Detect diffs of similar images in OpenCV-Python
What I want to do
FOR EXAMPLE, CHECKING THE APPEARANCE OF OFFICE DOCUMENTS CONVERTED TO PDF WITH DIFFERENT TYPESETTING ENGINES. I want an image that can be used as evidence and that people can see and understand somehow.

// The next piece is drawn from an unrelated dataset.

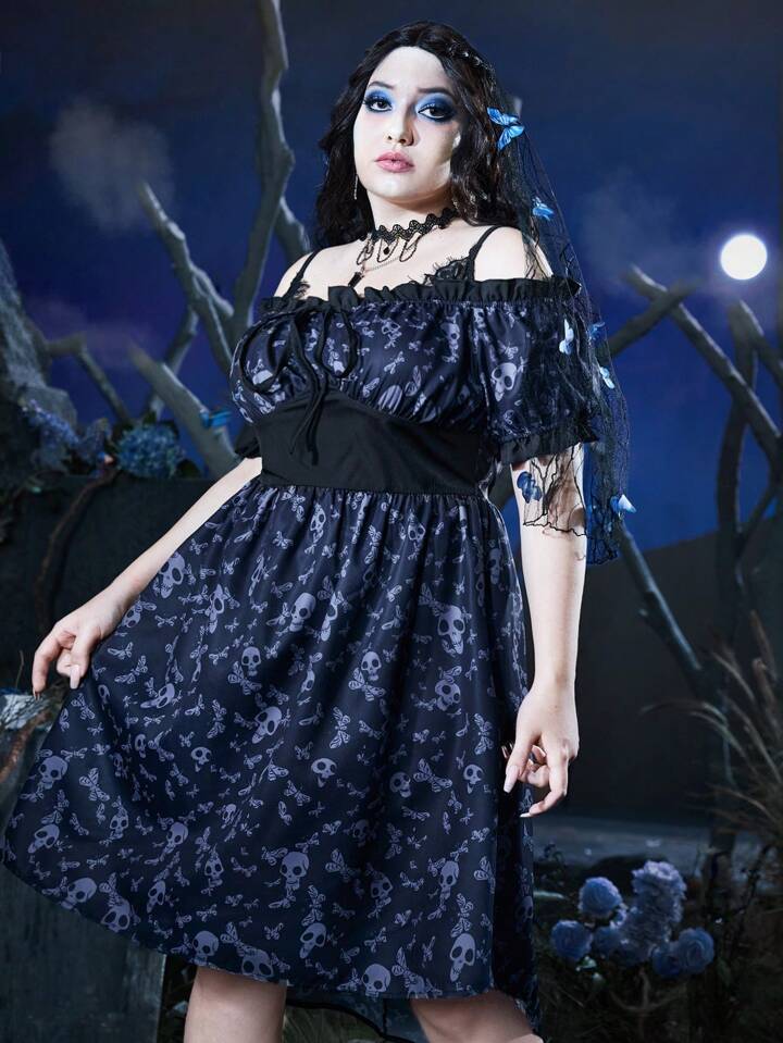 Corpse Bride | ROMWE Taglie Forti Abiti con stampa teschi con spalle scoperte con nodo frontale

Also, it is difficult to look at all the images, so I give out different degrees numerically, and only the ones with big differences are confirmed by people.
What to prepare
- Environment in which Python3 runs
It's unofficial, but since there is an OpenCV Python environment, I'll put it in crisply.
pip install opencv-python
The dependency numpy also comes in with it.

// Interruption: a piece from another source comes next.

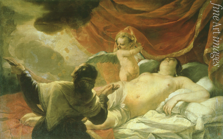 Nackt, Nacktheit, Dame, Nackte Frau, Körper, Schönheit, Interieur, Barock, Engel, Griechische Mythologie, Palast, Palais, Danaë, Geliebte des Zeus, Goldregen, Amme, Gewölbe, Palasthof, Bronzene Turm, Antike Götter, Im Bett, Akt

import pathlib import cv2 import numpy as np source_dir = pathlib.Path('source_img') source_files = source_dir.glob('*.*') target_dir = pathlib.Path('target_img') result_dir = pathlib.Path('result_img') log_file = result_dir / pathlib.Path('result.log') kernel = np.ones((3, 3), np.uint8) fs = open(log_file, mode='w') for source_file in source_files: source_img = cv2.imread(str(source_file)) target_file = target_dir / source_file.name target_img = cv2.imread(str(target_file)) if target_img is None: fs.write(target_file + '...skipped.\ ') continue max_hight = max(source_img.shape, target_img.shape) max_width = max(source_img.shape, target_img.shape) temp_img = source_img source_img = np.zeros((max_hight, max_width, 3), dtype=np.uint8) source_img[0:temp_img.shape, 0:temp_img.shape] = temp_img temp_img = target_img target_img = np.zeros((max_hight, max_width, 3), dtype=np.uint8) target_img[0:temp_img.shape, 0:temp_img.shape] = temp_img result_img = cv2.addWeighted(source_img, 0.5, target_img, 0.5, 0) source_img = cv2.cvtColor(source_img, cv2.COLOR_BGR2GRAY) target_img = cv2.cvtColor(target_img, cv2.COLOR_BGR2GRAY) img = cv2.absdiff(source_img, target_img) rtn, img = cv2.threshold(img, 0, 255, cv2.THRESH_OTSU) img = cv2.morphologyEx(img, cv2.MORPH_OPEN, kernel) contours, hierarchy = cv2.findContours(img, cv2.RETR_TREE, cv2.CHAIN_APPROX_SIMPLE) result_img = cv2.drawContours(result_img, contours, -1, (0, 0, 255)) score = 0 for contour in contours: score += cv2.contourArea(contour) score /= max_hight * max_width fs.write(target_file.name + ', ' + str(score) + '\ ') diff_file = result_dir / source_file.name cv2.imwrite(str(diff_file), result_img) fs.close()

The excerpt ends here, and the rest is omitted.